My gut feeling for solving this problem is to use strong induction.
Starting with the base case $n=1$ we can check each of the seven congruence classes and find that $x_1=2$ is the unique solution. Then assuming for $1\le m\le k$ there is a unique root modulo $7^m$. So we know from Hensel's Lemma we know that since there is a unique solution modulo $x_k$ to the congruence $f(x)\equiv 0\pmod{7^k}$ that $7$ does not divide $f'(x_{k-1})$. To show that when $n = k+1$ we have a unique solution it would be sufficient to show that $7$ does not divide $f'(x_k)$.
This is where I keep hitting a wall. I can't seem to figure out how to show that $7$ does not divide $f'(x_k)$. Using Hensel's Lemma Ive been able to find $x_k$ in terms of $x_{k-1}$ but its really ugly and involves inverses of $f'(x_{k-1})$.
Could I get a hint to try and steer me in the right direction, and if I'm going way off track what can I do to correct it?

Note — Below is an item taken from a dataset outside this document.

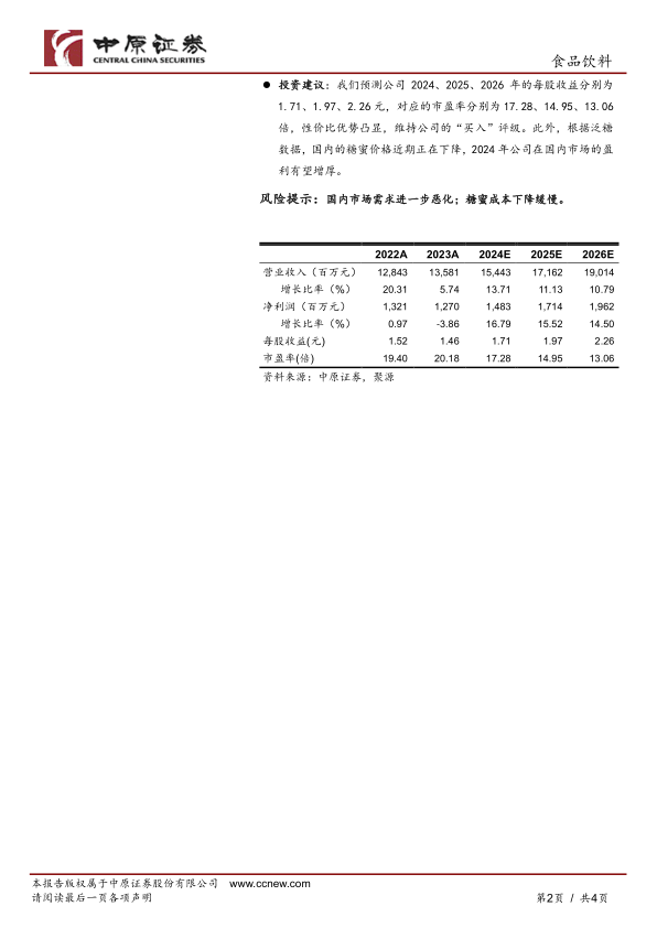 投资建议:我们预测公司2024、2025、2026年的每股收益分别为1.71、1.97、2.26元,对应的市盈率分别为17.28、14.95、13.06倍,性价比优势凸显,维持公司的“买入”评级。此外,根据泛糖数据,国内的糖蜜价格近期正在下降,2024年公司在国内市场的盈利有望增厚。

You have that $f'(x)=3x^2+2x=x(3x+2)$. Mod $7$, the only roots to that are $\{0,4\}$. Could $x_k$ have been one of these mod $7$?
If $x_k\equiv0$ mod $7$, then $7$ does not divide $x_k^3+x_k^2-5$, so $x_k$ was not a root mod $7^k$.
If $x_k\equiv4$ mod $7$, then ... (leaving as a hint. See answer history for the full answer.)